Abstract
Leucine is an essential amino acid and a potent stimulator of muscle protein synthesis. Since muscle wasting is a major risk factor for mortality in kidney transplant recipients (KTR), dietary leucine intake might be linked to long-term mortality. Urinary 3-hydroxyisovaleryl carnitine (3-HIC) excretion, a functional marker of marginal biotin deficiency, may also serve as a marker for dietary leucine intake. In this study we aimed to investigate the cross-sectional determinants of urinary 3-HIC excretion and to prospectively investigate the association of urinary 3-HIC excretion with all-cause mortality in KTR. Urinary 3-HIC excretion and plasma biotin were measured in a longitudinal cohort of 694 stable KTR. Cross-sectional and prospective analyses were performed using ordinary least squares linear regression analyses and Cox regression analyses, respectively.

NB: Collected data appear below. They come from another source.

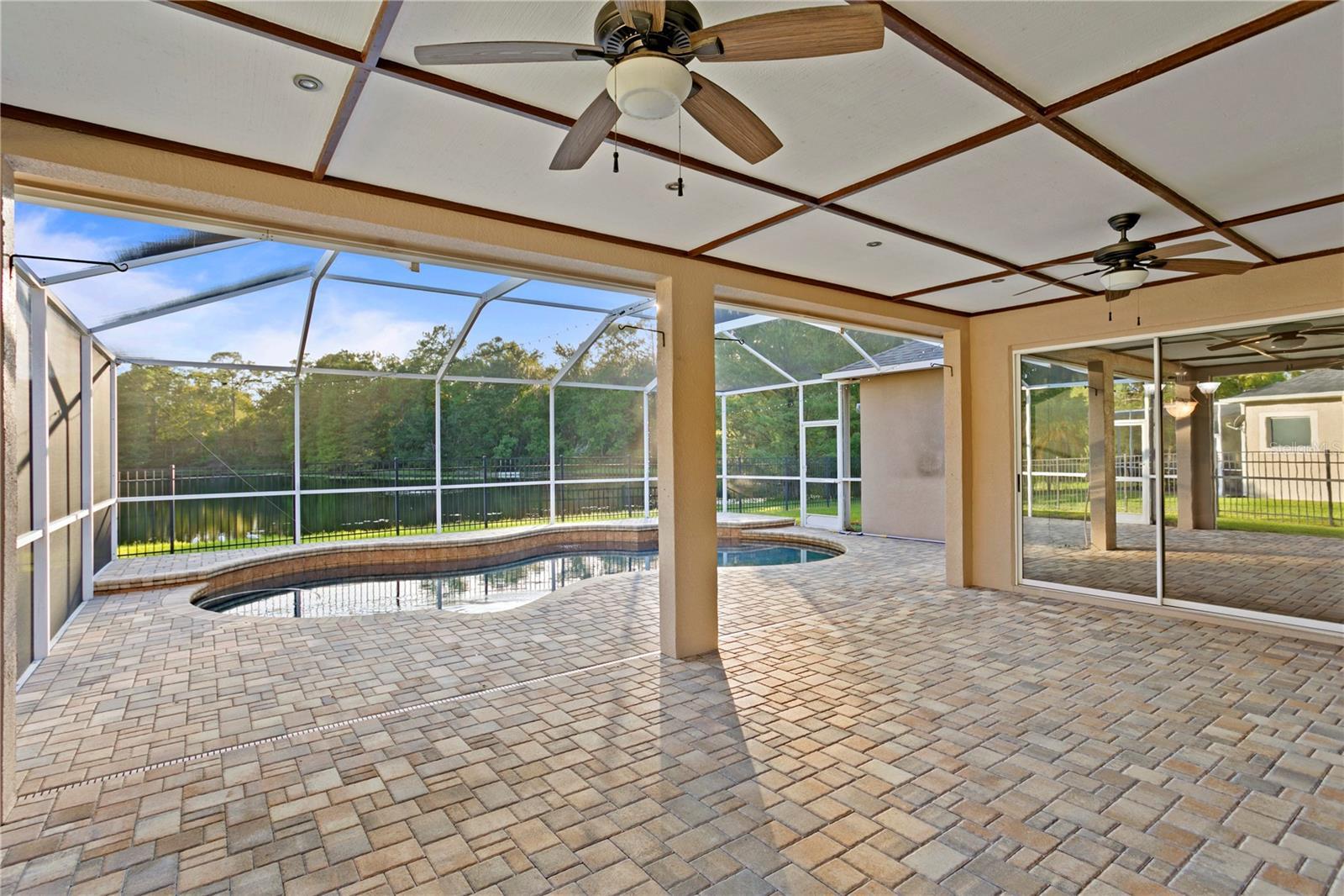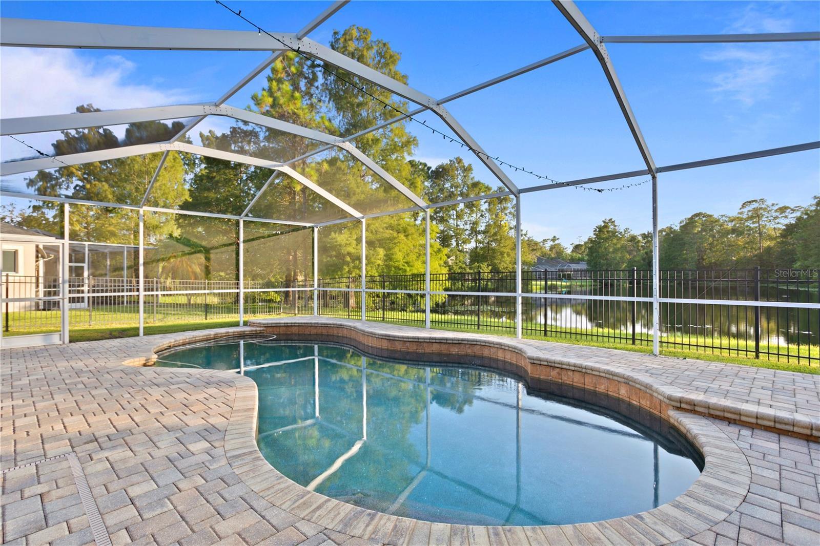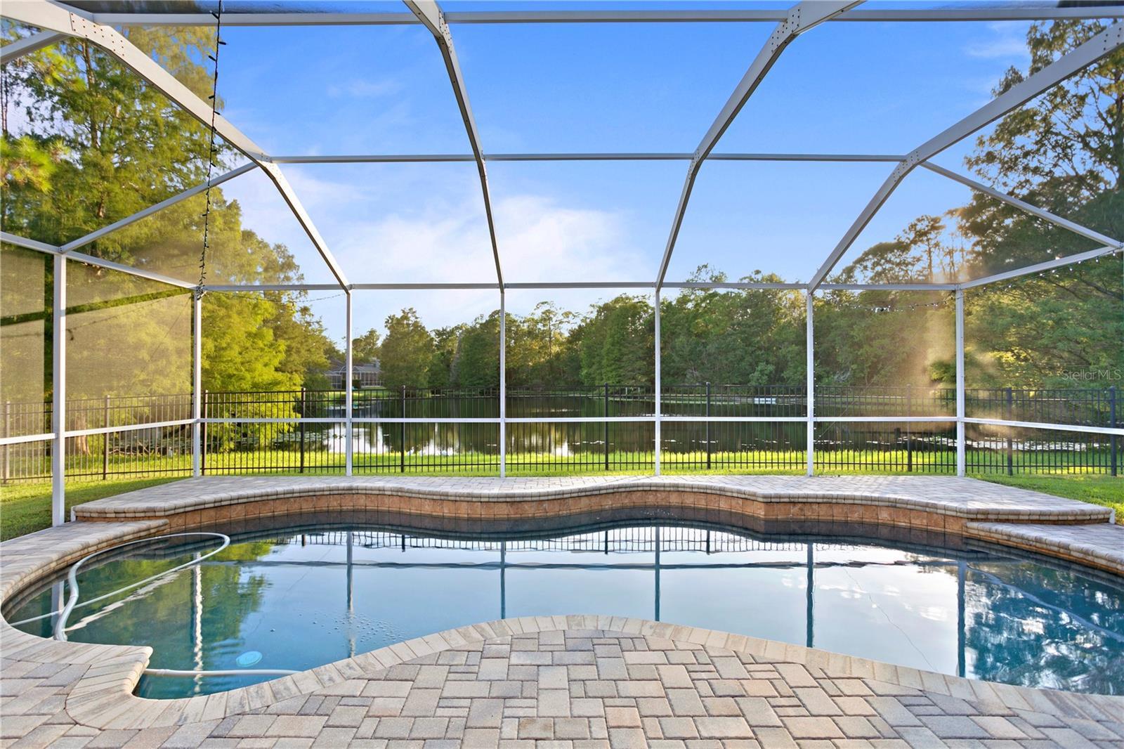 Located in the tree-lined neighborhood of Shires on a rare .21 acre lot with an expansive pond and conservation view, a fully fenced backyard, and a gas heated saltwater pool! This home features 4 Bedrooms + Office + 3 Baths + 3 car garage. A custom Mahogany leaded glass door welcomes you into the spacious formal living and office with wood floors. **RENT INCLUDES the following: Pool Maintenance, Lawn Maintenance, Pest Control, a 60" Flat Panel TV to utilize in the living room, Washer and Dryer.** The kitchen showcases wood cabinetry with a pantry, cooktop, stainless appliance package including refrigerator, built-in oven, microwave, and wine fridge. Beautiful GRANITE COUNTERS with a custom mirrored backsplash, an eat-in dinette, a center island & Breakfast Bar. The kitchen opens to the dinette and the family room showcasing vaulted ceilings, lots of windows, and gorgeous pond views. The living room surrounds the outdoor covered lanai complete with a covered patio and SALTWATER HEATED pool & an oversized screened-in lanai with a fully fenced yard. The master suite offers and NEW carpet, and the bathroom features double vanities with marble counters, a walk-in shower, and a garden tub. The three guest bedrooms are located in two separate wings of the home with two additional guest bathrooms. Additional Upgrades include: GAF Dimensional Shingle Roof, pavered porch, NEW Vinyl Floors in Bedroom 2023, NEW Carpet in the other bedrooms 2023, NEW Interior Paint 2023, Upgraded Pool with stone surface finish, Landscape Lighting, Aluminum Fence, Gas Pool Heater. Prime Location, near all of the shops, restaurants, parks, playgrounds, golf, 2 community pools, tennis courts, & A-rated schools. Enjoy the lifestyle this award-winning community offers including golf, A-rated schools & tons of amenities.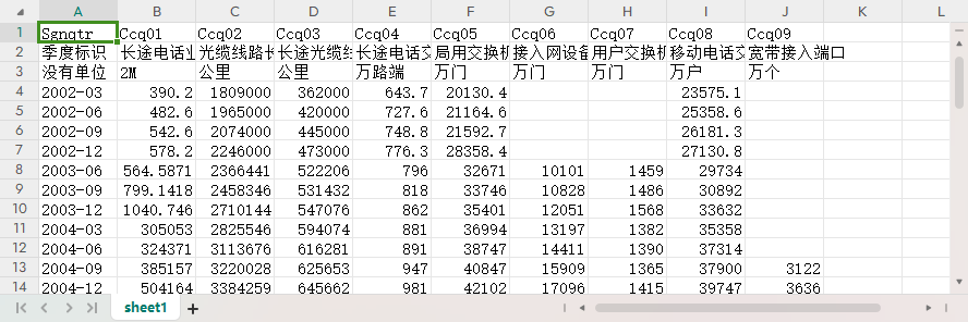 季度标识 长途电话业务电路 光缆线路长度 长途光缆线路长度 长途电话交换机容量 局用交换机容量 接入网设备容量 用户交换机容量 移动电话交换机容量 宽带接入端口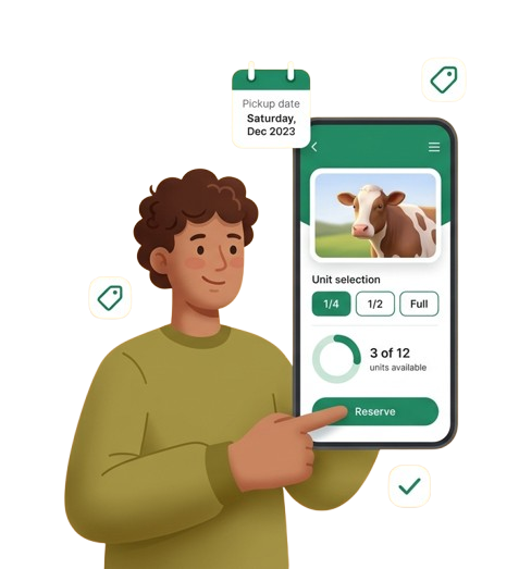 Other buyers join until all units of the cow are fully reserved. Track progress in real-time as the community grows.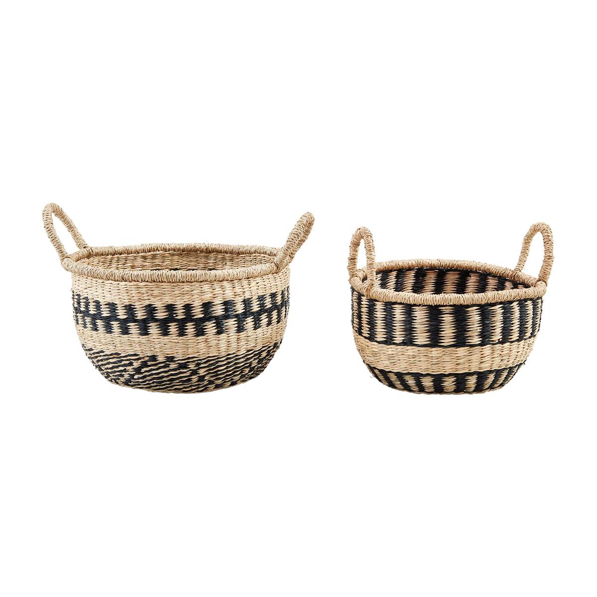 Add a touch of rustic texture with our seagrass baskets, featuring bold black tribal patterns against natural fibers. With sturdy top handles and a grounded, earthy design, these baskets are as practical as they are beautiful.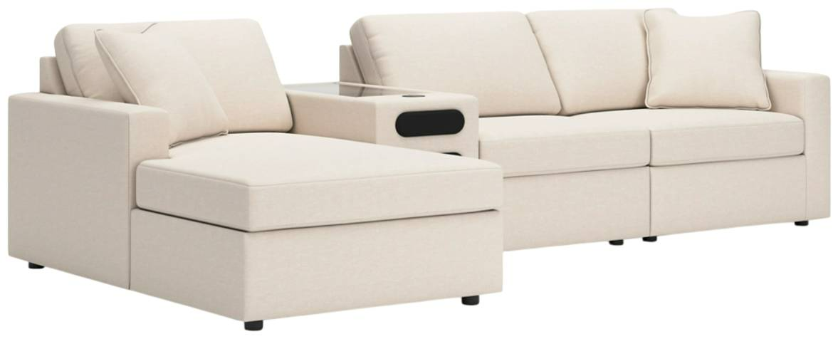 Comprend 4 éléments modulaires : méridienne d'angle avec accoudoir gauche, console audio avec rangement, fauteuil sans accoudoirs et fauteuil d'angle avec accoudoir droit.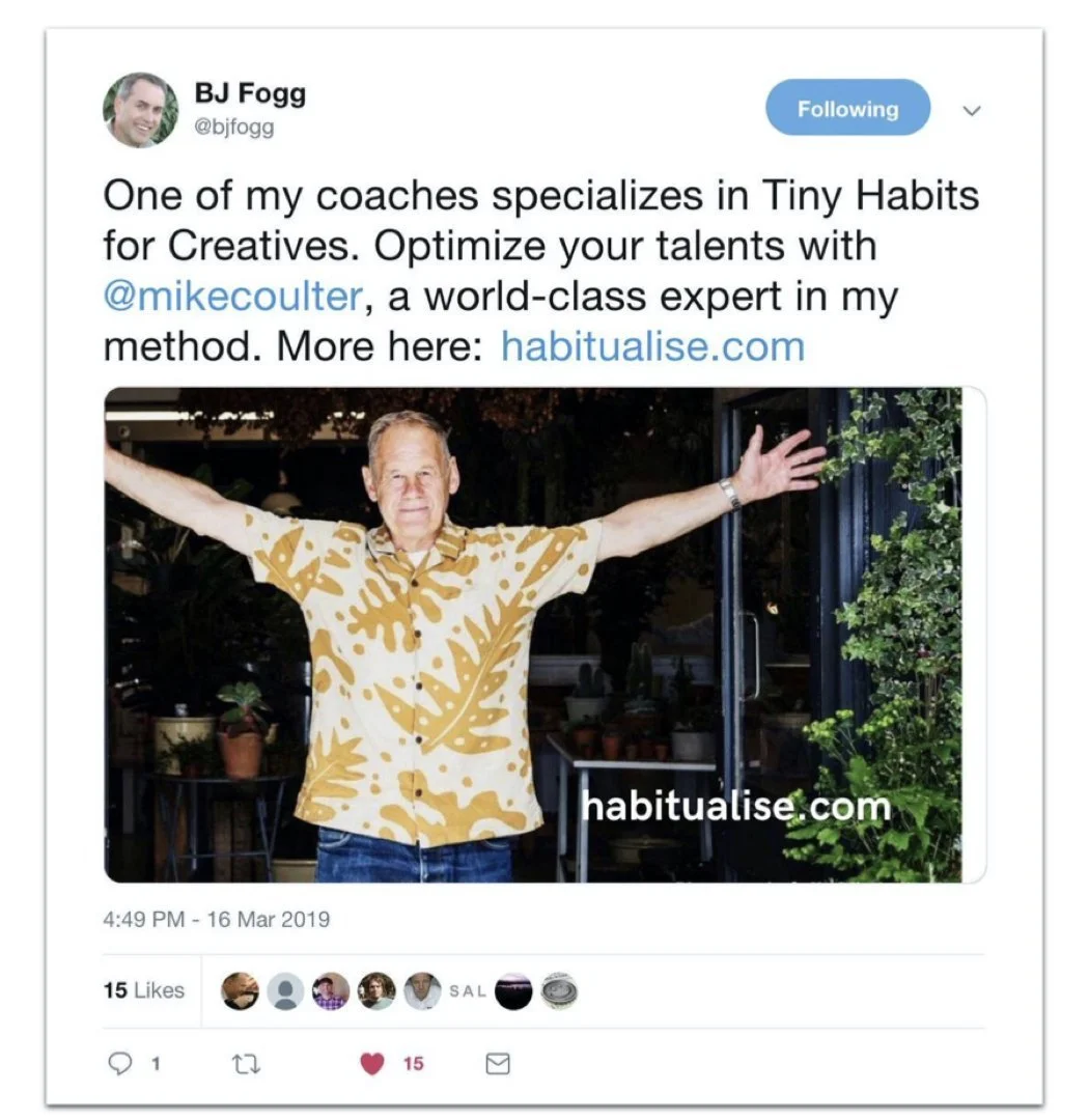 Mike will personally coach up to 10 of your key employees in the Tiny Habits® Method, at no cost. It only takes one hour of their time.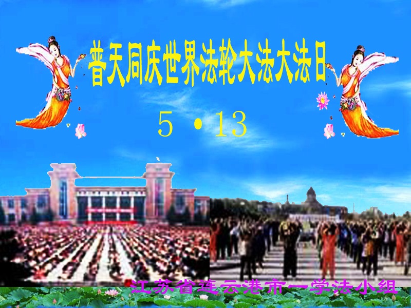 祝贺五月十三日世界法轮大法日暨法轮大法洪传二十二周年! 江苏省连云港市一学法小组恭祝师尊生日快乐!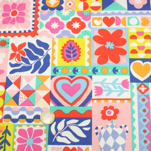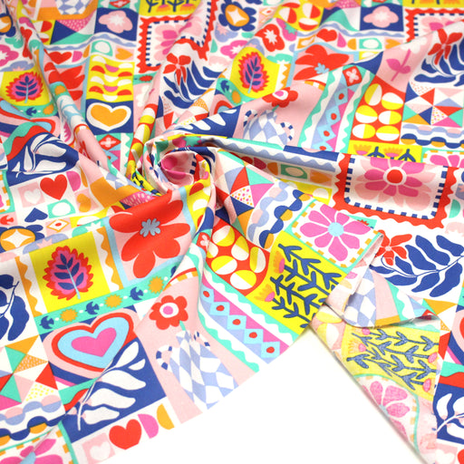 Tissu cotonnade Fleurs, feuilles et formes géométriques colorées - COLLECTION SICILIA - OEKO-TEX STANDARD 100
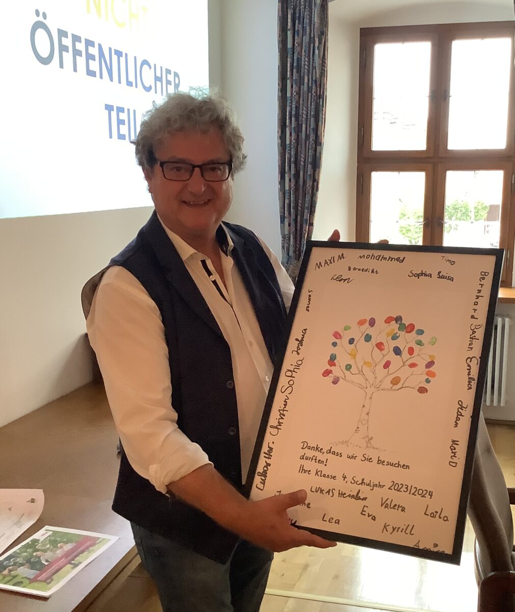 Ein besonders eindrücklicher Moment für die Klasse war der Besuch im Trauungszimmer, wo zwei Schüler, Sophia und Leon, auf spielerische Weise das Ja-Wort vor dem Bürgermeister gaben. Dieser Ausflug in die Erwachsenenwelt war für alle beteiligten eine unterhaltsame und lehrreiche Erfahrung. „Das hat mir sehr viel Spaß gemacht“, resümierte Bürgermeister Bernhard Stangl und sicherte zu, dass die schriftlichen Dankesworte der Klasse, die ihnen sehr wichtig waren, „natürlich einen Platz im Rathaus finden werden“.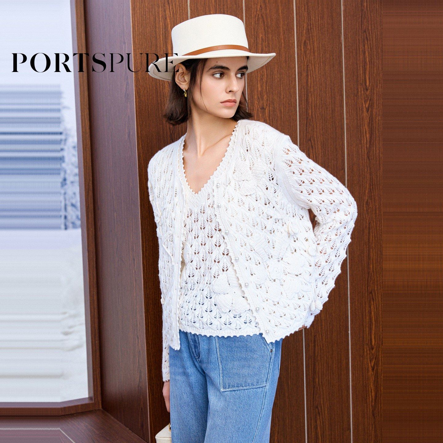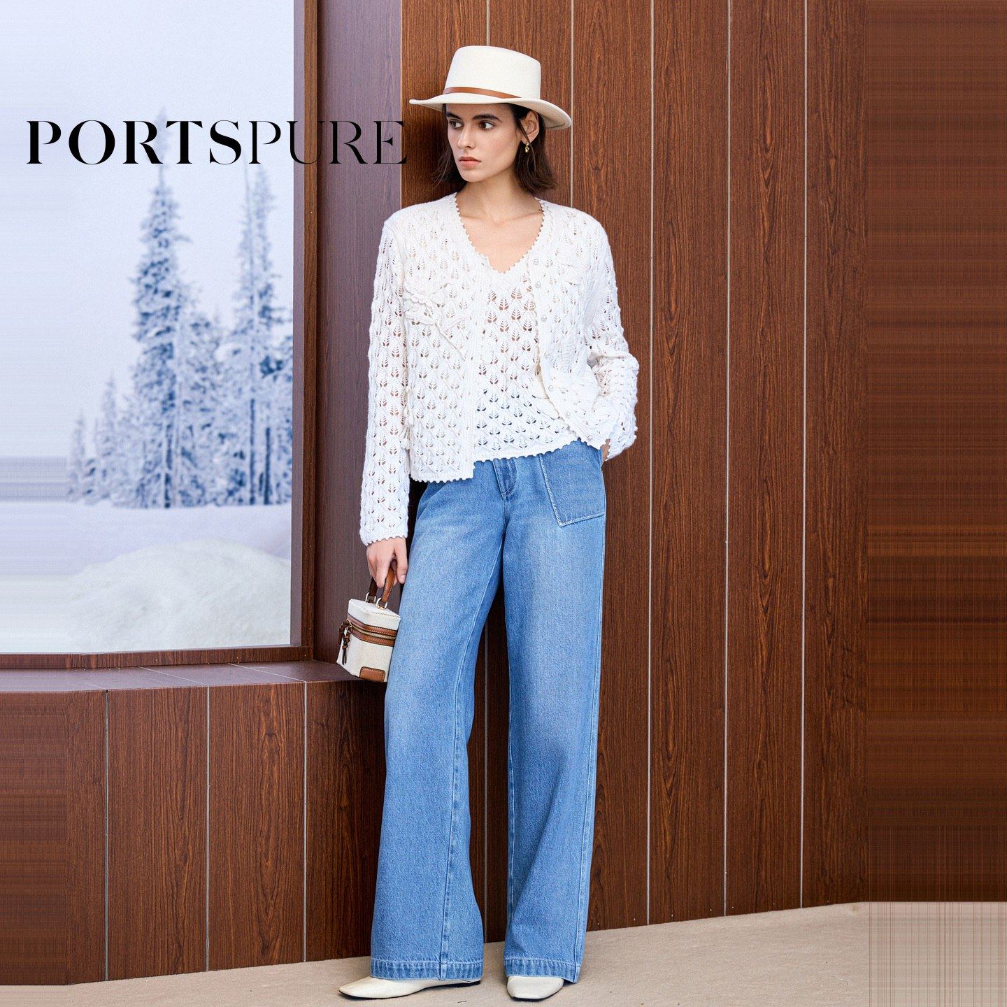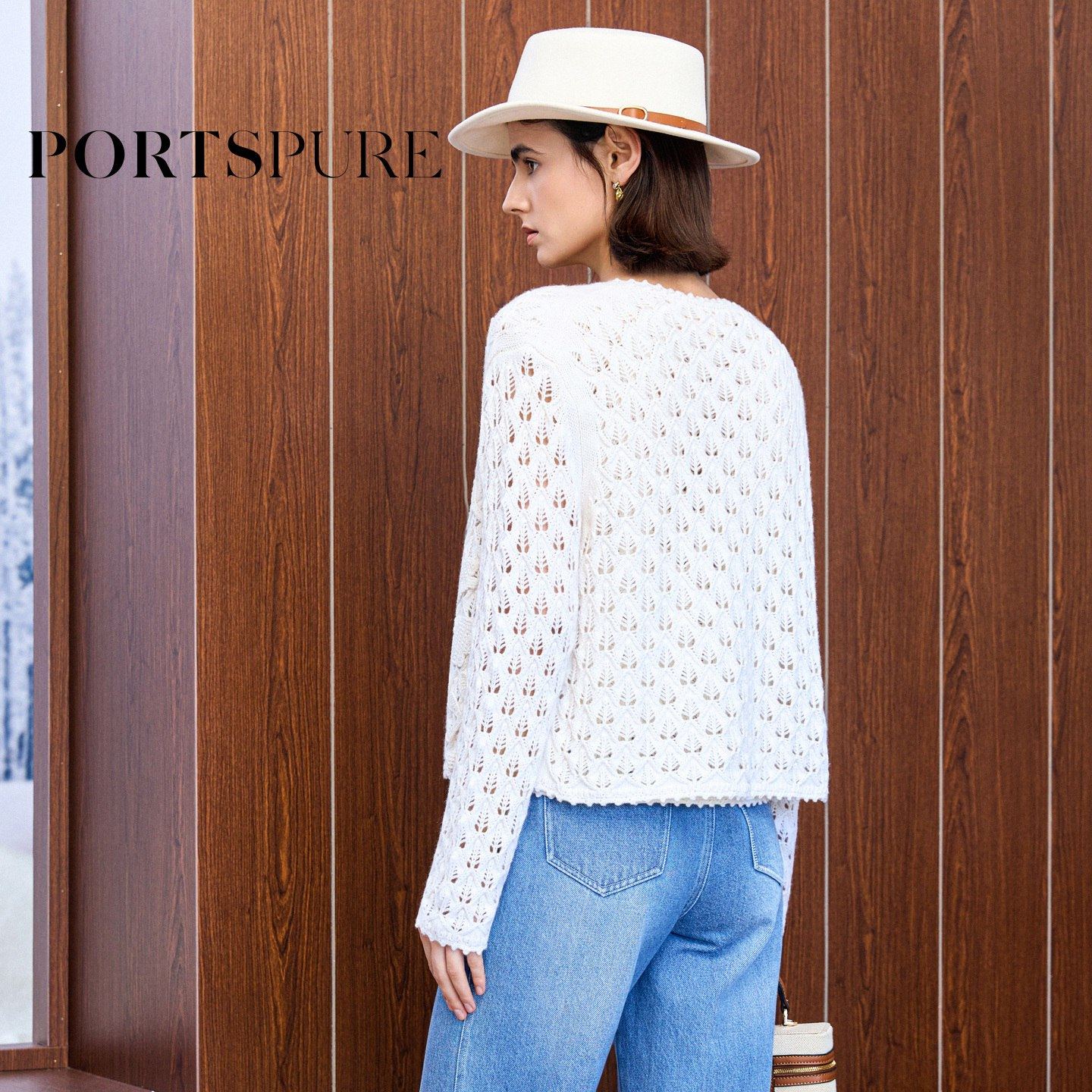 商场同款 宝姿PORTSPURE女装2025秋冬新品浪漫镂空度假针织开衫

In KTR (57% male, 53±13 years, estimated glomerular filtration rate 45±19mL/min/1.73m2), urinary 3-HIC excretion (0.80 [0.57-1.16] μmol/24 h) was significantly associated with plasma biotin (std. β=-0.17; P<0.001). Subsequent adjustment for potential covariates revealed urinary creatinine excretion (std. β=0.24; P<0.001) and urinary urea excretion (std. β=0.53; P<0.001) as the primary determinant of urinary 3-HIC excretion. Whereas plasma biotin explained only 1% of the variance in urinary 3-HIC excretion, urinary urea excretion explained >45%. During median follow-up for 5.4 [4.8-6.1] years, 150 (22%) patients died. Log2-transformed urinary 3-HIC excretion was inversely associated with all-cause mortality (HR: 0.52 [0.43-0.63]; P<0.001). This association was independent of potential confounders. Urinary 3-HIC excretion more strongly serves as a marker of leucine intake than of biotin status. A higher urinary 3-HIC excretion is associated with a lower risk of all-cause mortality. Future studies are warranted to explore the underlying mechanism. NCT02811835. TRIAL REGISTRATION URL: https://clinicaltrials.gov/ct2/show/NCT02811835.
Highlights
Amongst the amino acids deriving from protein intake, leucine may be of special interest as it is considered the most potent stimulator of muscle protein synthesis [12]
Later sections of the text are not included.